Cordilleran Section - 103rd Annual Meeting (4–6 May 2007)

Paper No. 7
Presentation Time: 3:35 PM

DURATION AND AMPLITUDE OF SW JAPAN TREMOR AND THEIR RELATION TO SLOW SLIP EVENT CHARACTERISTICS


ABSTRACT WITHDRAWN

, jrokosky@pmc.ucsc.edu

Despite the observed correlation between slow slip events (SSEs) and seismic tremor along the Cascadia and SW Japan subduction zones, it remains unclear what is responsible for this association. If, as accumulating evidence suggests, tremor is produced by shear failure on the thrust interface driven by aseismic slip, we might expect to see a relationship between the size and/or frequency of tremor activity and accumulated slip. Reduced displacement calculations for tremor in Cascadia indicate that average values for tremor reduced displacement are not correlated to the amount of slip observed during ETS events (McCausland et al., 2005). However, recent results from Cascadia hint at a relationship between the duration of tremor and the inferred amount of aseismic slip in ETS events (Aguiar et al., 2006). We present a detailed investigation of subduction tremor from SW Japan in order to assess whether similar relationships between slip magnitude and tremor amplitude and duration exist in this region.

We calculate reduced displacement for bursts of tremor during SSEs in western Shikoku, and the Kii and Tokai peninsulas. Average values for reduced displacement range between 0.23 - 0.58 cm2, much smaller than most observations of volcanic tremor and similar to values calculated for subduction tremor in Cascadia (McCausland et al., 2005). Average amplitudes for subduction tremor in Japan do not vary significantly between episodes of peak activity in a given region and do not appear to scale with magnitude of slow slip. There is a slight variation in average amplitude between the three regions studied, which may reflect regional differences in frictional properties.
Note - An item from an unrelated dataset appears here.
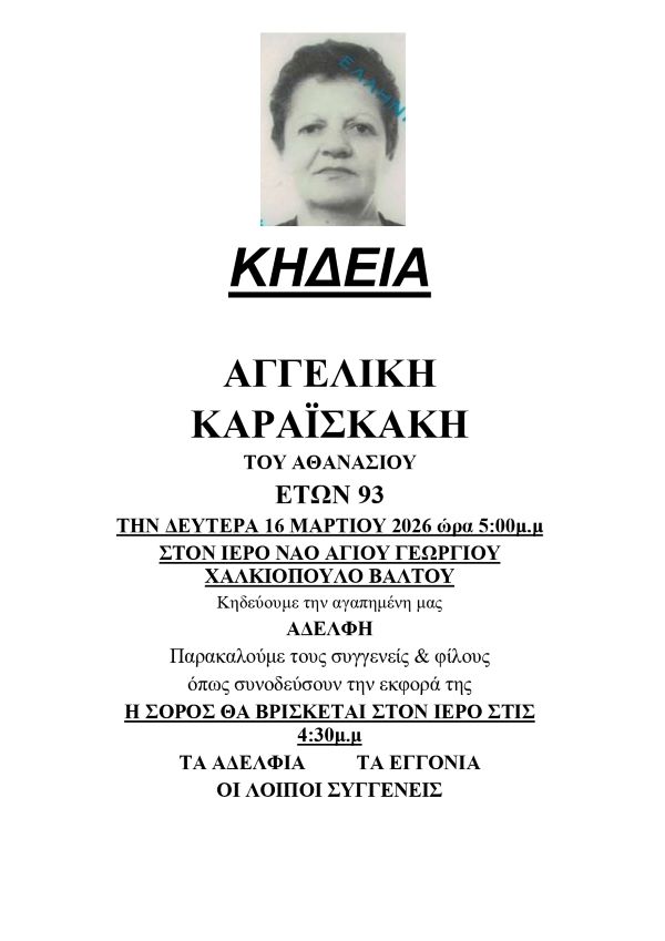 ΚΗΔΕΙΑ – ΔΕΥΤΕΡΑ 16/3/2026 – ΑΓΓΕΛΙΚΗ Α. ΚΑΡΑΪΣΚΑΚΗ ΕΤΩΝ 93
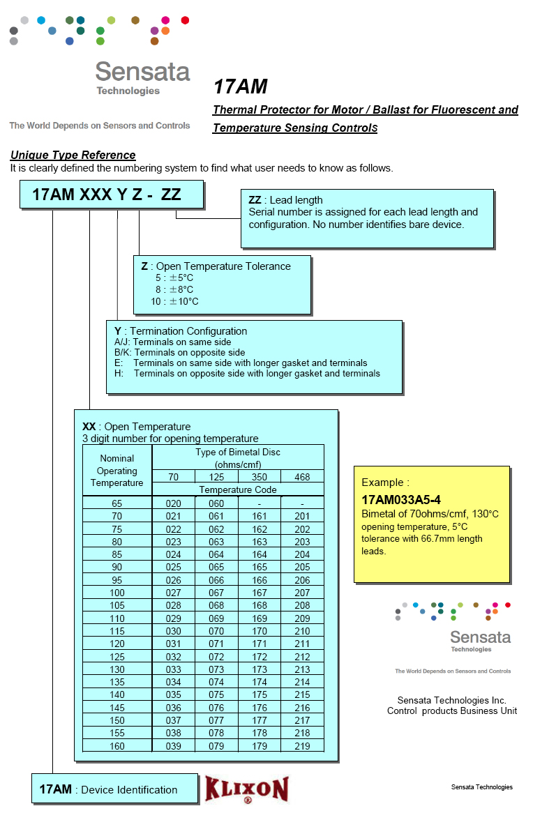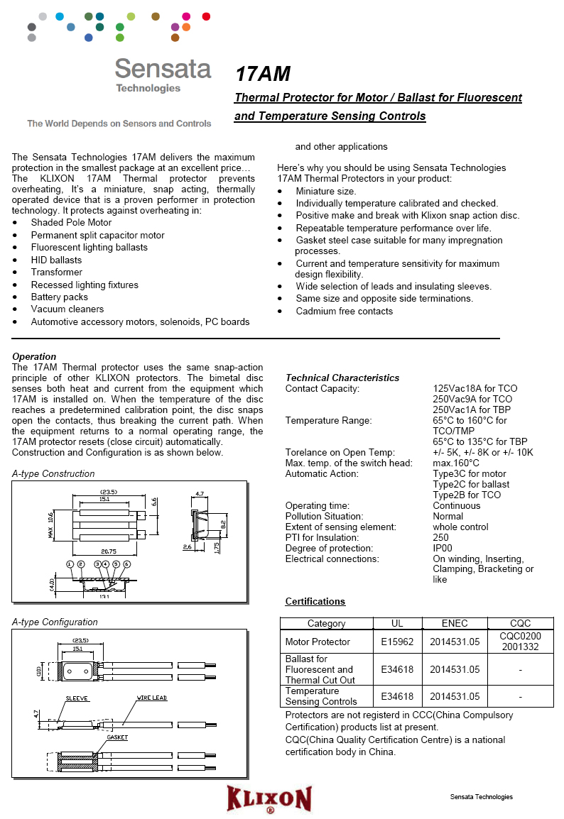 SENSATA_17AM Series 溫度保護器

To investigate how the productivity of tremor relates to slip during episodes, we take two approaches. In the first we treat each burst of tremor as a discrete event and compare the number of events with SSE parameters. In the second approach we consider total durations of tremor, under the assumption that each burst is actually the superposition of many small events. In addition, we investigate magnitude-frequency (and duration-amplitude) relations for SW Japan tremor to assess whether they are better fit by exponential or power law distributions, representing scale-bound and scale-invariant source processes respectively.